P.60 -- Poster, VCTP-48

Date: Thursday, 3 August 2023

Time: 08:30 - 10:00

Unlocking the Potential of GeS Monolayer: Strain-Enabled Control of Electronic Transports and Exciton Radiative Lifetimes

Vo Khuong Dien1, Pham Thi Bich Thao2, Nguyen Thi Han1, Nguyen Duy Khanh3, Le Vo Phuong Thuan1, Ming-Fa Lin1,4, and Nguyen Thanh Tien2

1 Department of Physics, National Cheng Kung University, 701 Tainan, Taiwan. 2 College of Natural Sciences, Can Tho University, 3-2 Road, Can Tho City 94000, Vietnam. 3 High-Performance Computing Laboratory (HPC Lab), Thu Dau Mot University, 75100, Binh Duong, Vietnam. 4 Hierarchical Green-Energy Material (Hi-GEM) Research Center, National Cheng Kung University, 701 Tainan, Taiwan.

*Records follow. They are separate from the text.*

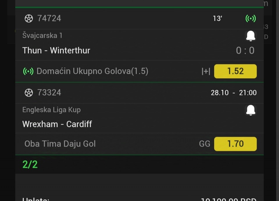 Lepo je krenulo, prvo pa muško što bi se reklo. Za noćas ostavljam još jedan par i to je dosta za današnji dan. Kao što sam i rekao ne jurim ništa, cilj mi je da što više mojih predloga bude dobotno, a to može samo kada se igra nekoliko parova dnevno.
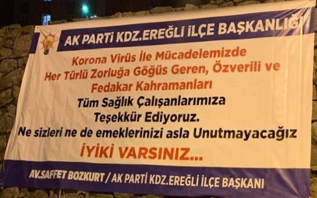Ak Partı Ereğli İlçe Başkanı Saffet Bozkurt sağlık çalışanlarını unutmadı. Bozkurt Korona Virüs salgını nedeniyle ilk günden bu yana mücadele veren sağlık çalışanlarına motive amaçlı hastane girişine pankart astı. Hastane girişimine asılan pankartta şu ifadeler yer aldı;
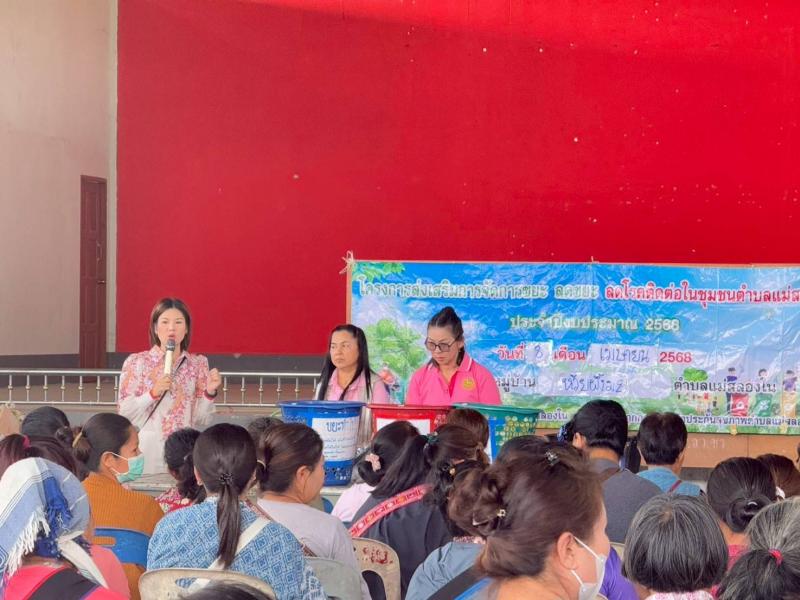 วันที่ 8 เมษายน 2568 ฝ่ายบริหารงานสาธารณสุข สำนักปลัด ร่วมกับชมรม กำนันผู้ใหญ่บ้านตำบลแม่สลองใน ลงพื้นที่อบรมให้ความรู้เรื่องการคัดแยกขยะ/ประชาคม ภายใต้โครงการส่งเสริมการจัดการขยะ ลดขยะ ลดโรคติดต่อในชุมชนตำบลแม่สลองใน ณ หอประชุมบ้านห้วยผึ้ง (หมู่ที่ 2)
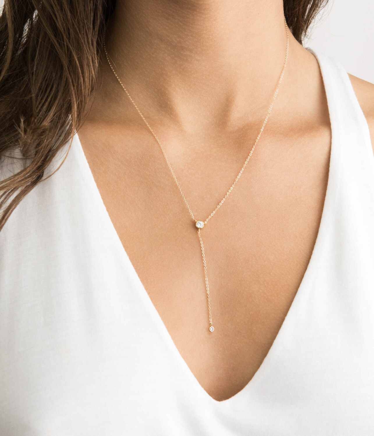 Damen Lariat Halskette Gold - 14K Goldvergoldet Y-Form Körperkettchen
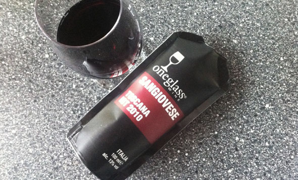 Es gibt so viel anonymen Wein auf dem Markt, dass es immer wieder neuer Marketingideen bedarf, um das Zeuchs an den Mann oder die Frau zubringen. Da findet man Prosecco in Dosen oder Wein im Plastikglas mit Alufolienversiegelung. Und dann gibt es da noch oneglas (Trademark) Wine. Wein aus der 100ml-Tüte, servierfertig portioniert und stilistisch passend zum Aufreispack Gourmetessen für die Mikrowelle.
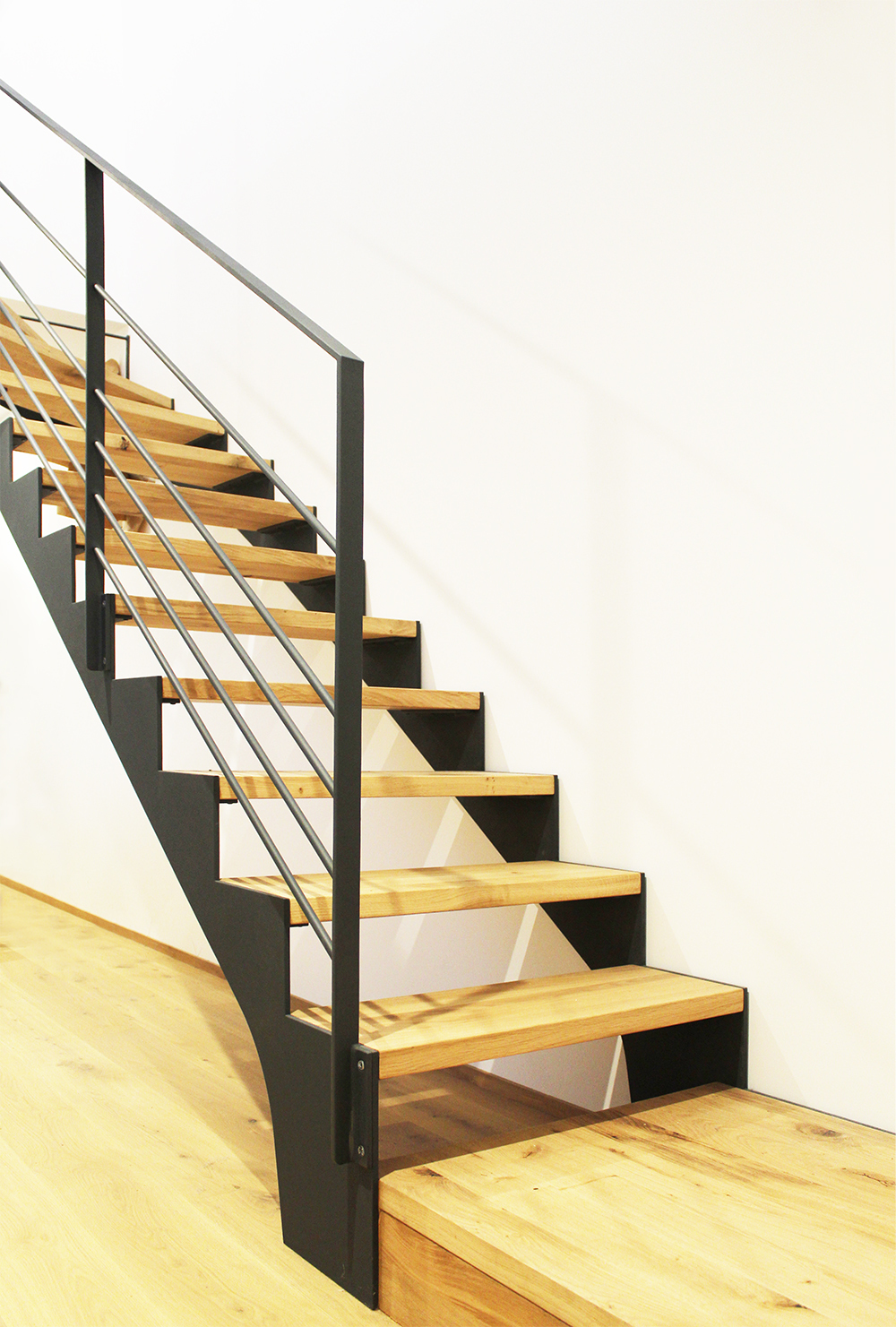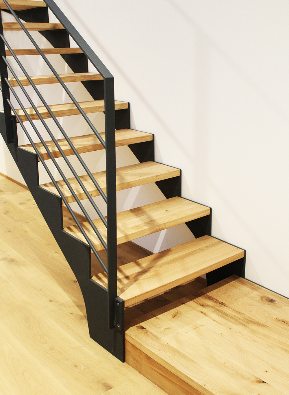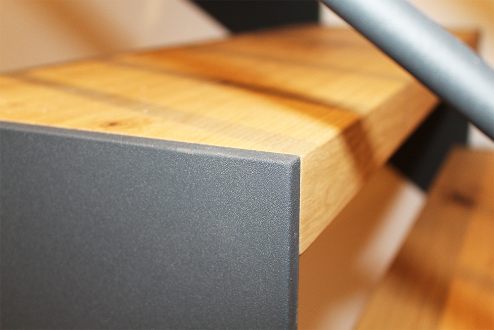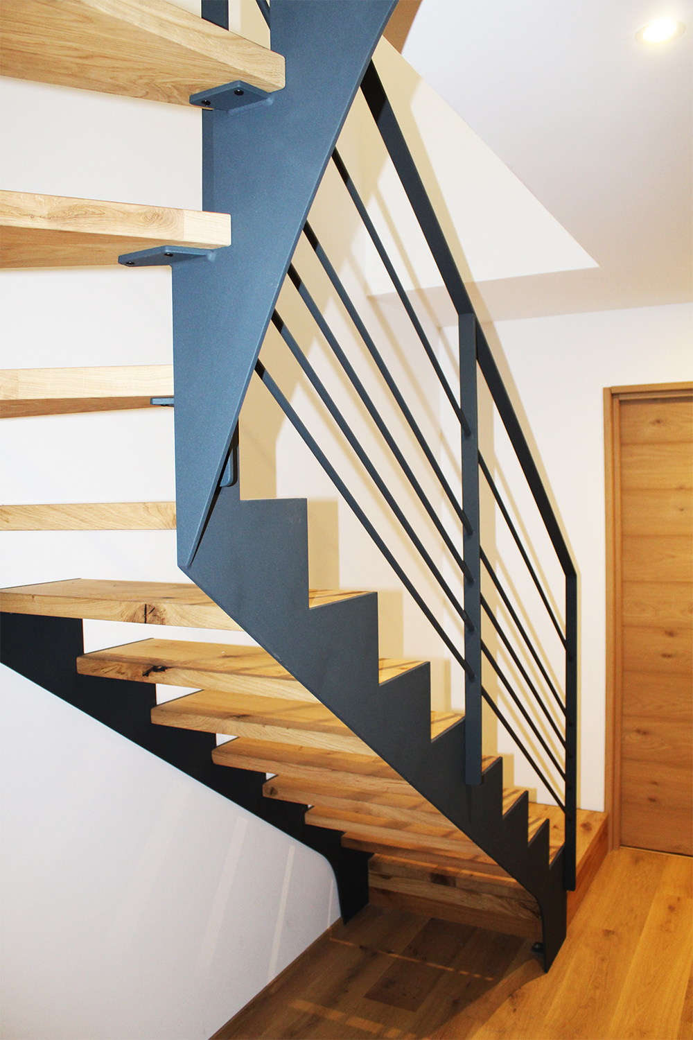 Escalera modelo «Ustaritz»: zancas laterales en diente de sierra y termolacado en gris forja.
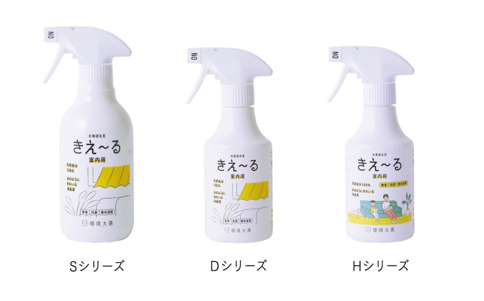 看板商品である「きえ~る」。バイオマス素材のボトルを使用したサステナブルの「Sシリーズ」、快適な毎日(デイリー)をサポートする「Dシリーズ」、ホームセンターや量販店専用の「Hシリーズ」の3シリーズを現在展開している

Monolayer Germanium sulfide (GeS) is gaining significant attention for its exceptional anisotropic electronic conductance, notable excitonic effects, and wide range of potential applications. In our study, we used density functional theory (DFT), many-body perturbation theory (MBPT), and non-equilibrium Green's Function (NEGF) to investigate electronic transport properties and exciton radiative lifetime of single-layer GeS. Our theoretical findings showed that applying up to 8% compressive strain increased carrier mobility by nearly threefold, and thus, dramatically enhance the device’s current intensity. Moreover, we observed that strain engineering allowed fine-tuning of the electron-hole recombination time. At 6% tensile strain, the effective radiative lifetime was as short as 19 picoseconds, which is 4.5 times faster than the intrinsic state and 80 times faster than at 8% compressive strain. These results highlight the potential of strain engineering to customize the electronic and optical properties of GeS monolayer for specific electronic, optoelectronic, and photovoltaic device requirements.

Presenter: Vo Khuong Dien